Читаем Нагрудный знак «OST». Плотина полностью

И удивительно было то, что голодный, изможденный лагерными заботами Костик смеялся над тем, над чем когда-то смеялись ищущие забавы пацаны.

Я уже понимал, «прекрасные дни» не наступают. Если природа не наделила музыкальным слухом или посадила на неподобающее место белое пятно, все так и останется: и музыкальная глухота, и белое пятно. Но и смириться с этим все равно что смириться с лагерной проволокой. По ту сторону мир! Семь лет ежедневных занятий обострили мое внимание к тому, без чего музыка не существовала, — к талантливости. Но только теперь я узнал ей цену. Талантливость насвистывала в бараках. Чтобы показать себя, ей достаточно было двух алюминиевых ложек, расчески, обернутой папиросной бумагой.
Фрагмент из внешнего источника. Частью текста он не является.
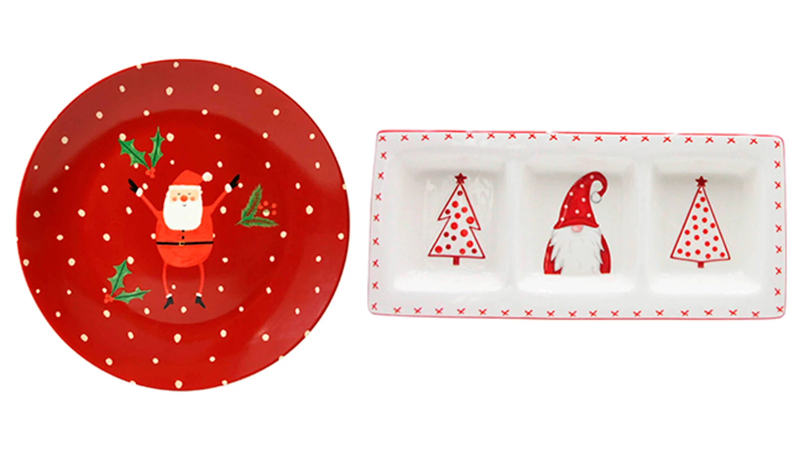 Para contrastar com a simplicidade do centro de mesa, aposte em loiça com desenhos típicos da época, como pratos com o Pai Natal. Para servir entradas ou aperitivos durante a consoada, escolha um prato com divisórias ou uma travessa retangular. Já para servir os doces de Natal tradicionais, prefira pratos de sobremesa temáticos.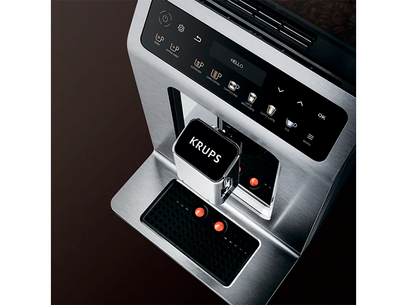 Krups не має ручного обслуговування. Промивання виконується за запитом вашої машини, чим забезпечується оптимальний рівень гігієни завдяки високотемпературним процесам, які ідеально видаляють кавову олію та залишки вичавків, не пошкоджуючи машину та заощаджують ваш час.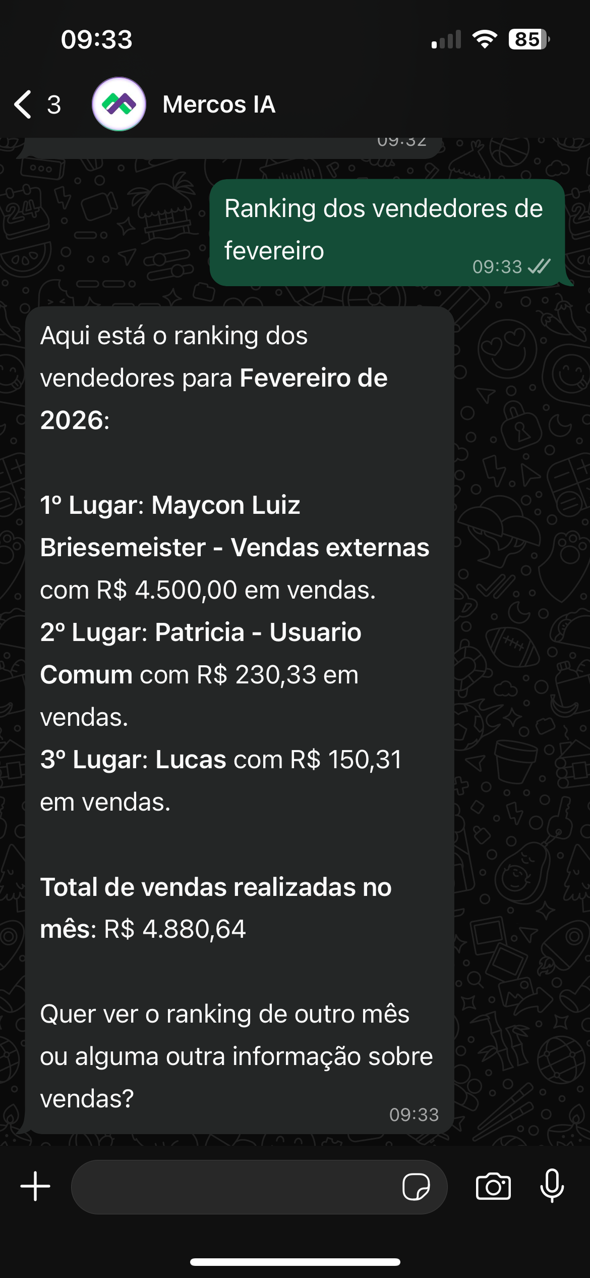 Pronto, você já consegue conversar com a Mercos IA através do seu WhatsApp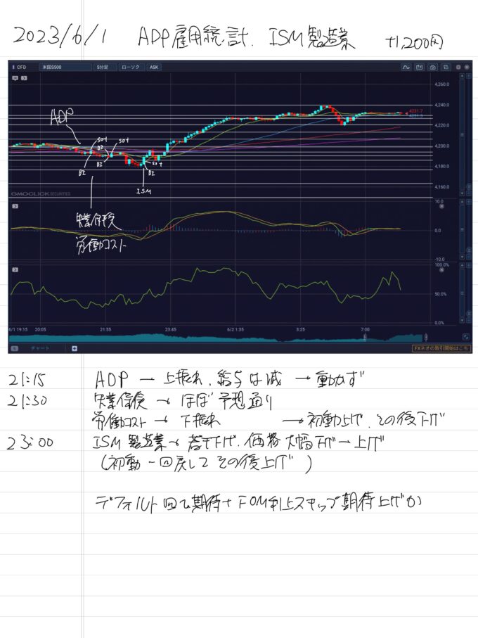 2023/6/1 ADP雇用統計、ISM製造業 +1,200円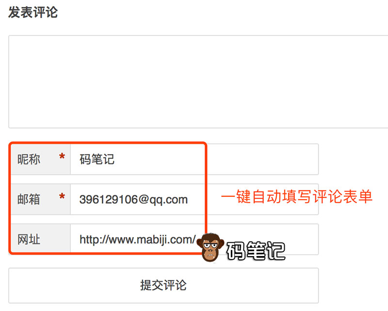 以码笔记博客为例,本站自动填写表单信息效果如下: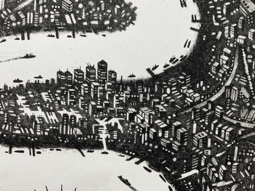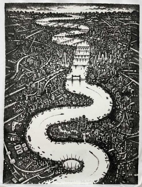 John Duffin (b. 1965) etching - Thames, signed titled and numbered 3/150, 75cm x 56cm, unframed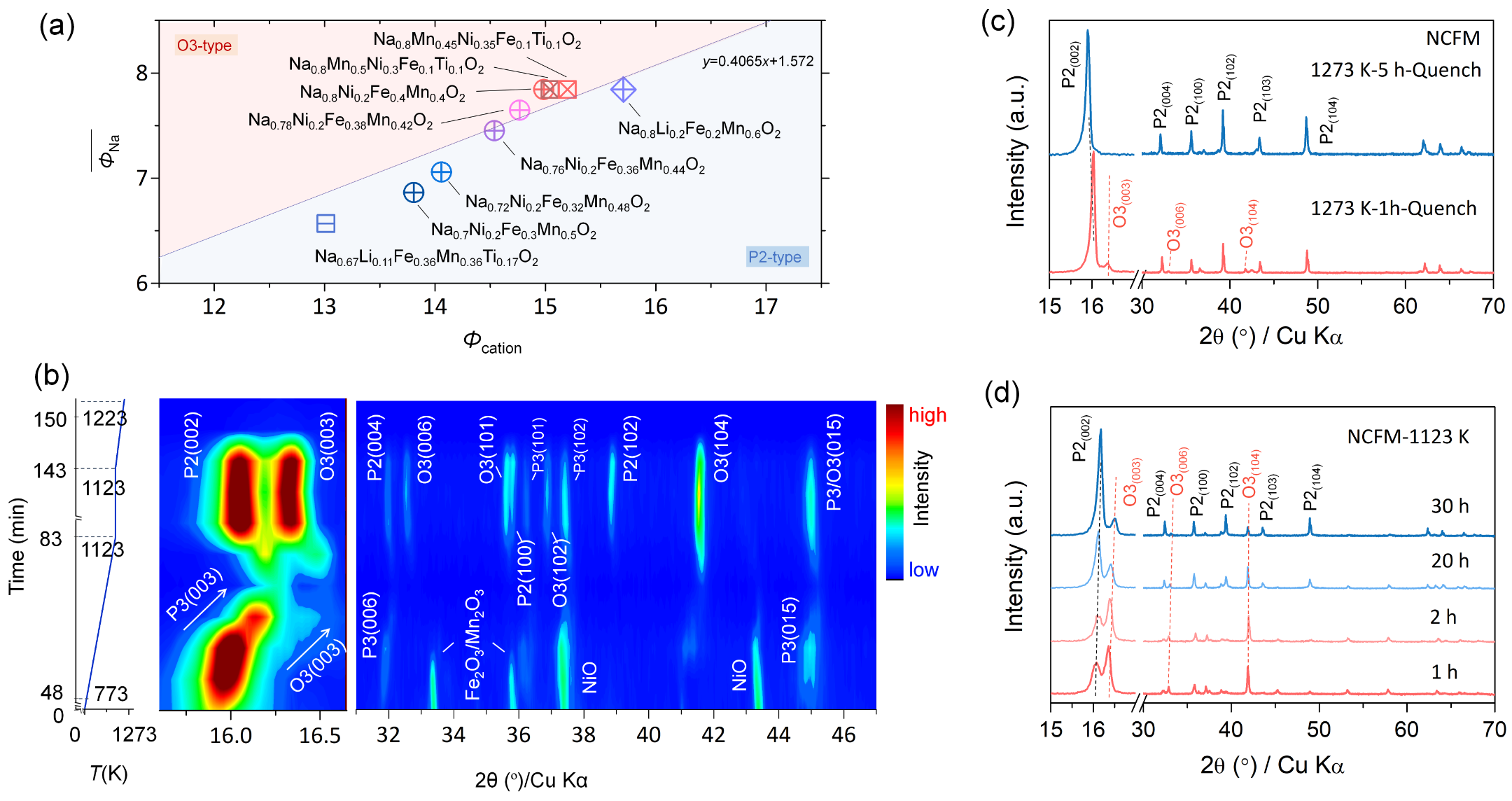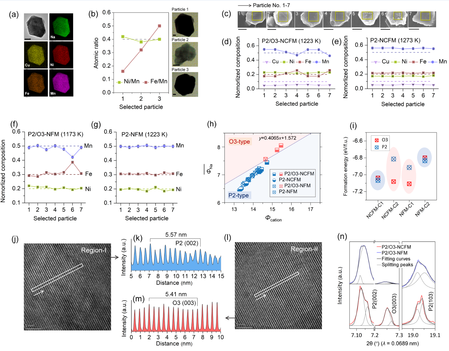 含钠层状氧化物比容量高、结构多样、组分可调、制备简单,是极具前景的钠离子电池正极材料之一。其中,P2型材料含有较多的Na+空位和相对较低的 Na+扩散势垒,通常表现出较好的动力学性能,但较低的钠含量限制了可提供容量,且深度脱钠后常伴随剧烈相变,结构稳定性较差;O3型材料则具有更高的钠含量,可提供更高的初始容量,更具实用前景,但往往相变过程复杂,倍率性能欠佳。鉴于此,设计P2/O3共生双相层状氧化物材料以耦合两种结构的优势成为了近年来的研究热点。现有研究表明,构建P2/O3共生复合结构确实可在一定程度上提升材料的整体性能表现(相比于单相材料)。然而,当前报道对于复合相材料的形成机制关注较少,该类材料的设计与合成仍缺乏明确的指导依据。此外,复合相构型与材料电化学行为之间的构效关系也有待进一步明晰。

Ее замечали сразу и сразу же тянулись к ней. Талантливому не надо было ничего объяснять или доказывать, его и так было видно. И не то чтобы ему каждый раз уступали лучшее место, но какие-то знаки внимания оказывали. Рассказав, что учился в музыкальной школе, я словно посягнул на чужое место. И сомневающиеся требовали от меня доказательств.

Меня выталкивали на эстраду. Я сопротивлялся:

— На аккордеоне не умею!

— Ты ж в музыкальной школе учился!

— Если бы ноты были, — оправдывался я.

Кто-то запустил в меня немыслимым ругательством; я вздрогнул и догадался — Костик.

В конце концов я отбился. Но усилился страх, что подойдет момент, когда не отбиться. Усилился и интерес к тем, кому достаточно двух ложек, чтобы сразу было видно — артист.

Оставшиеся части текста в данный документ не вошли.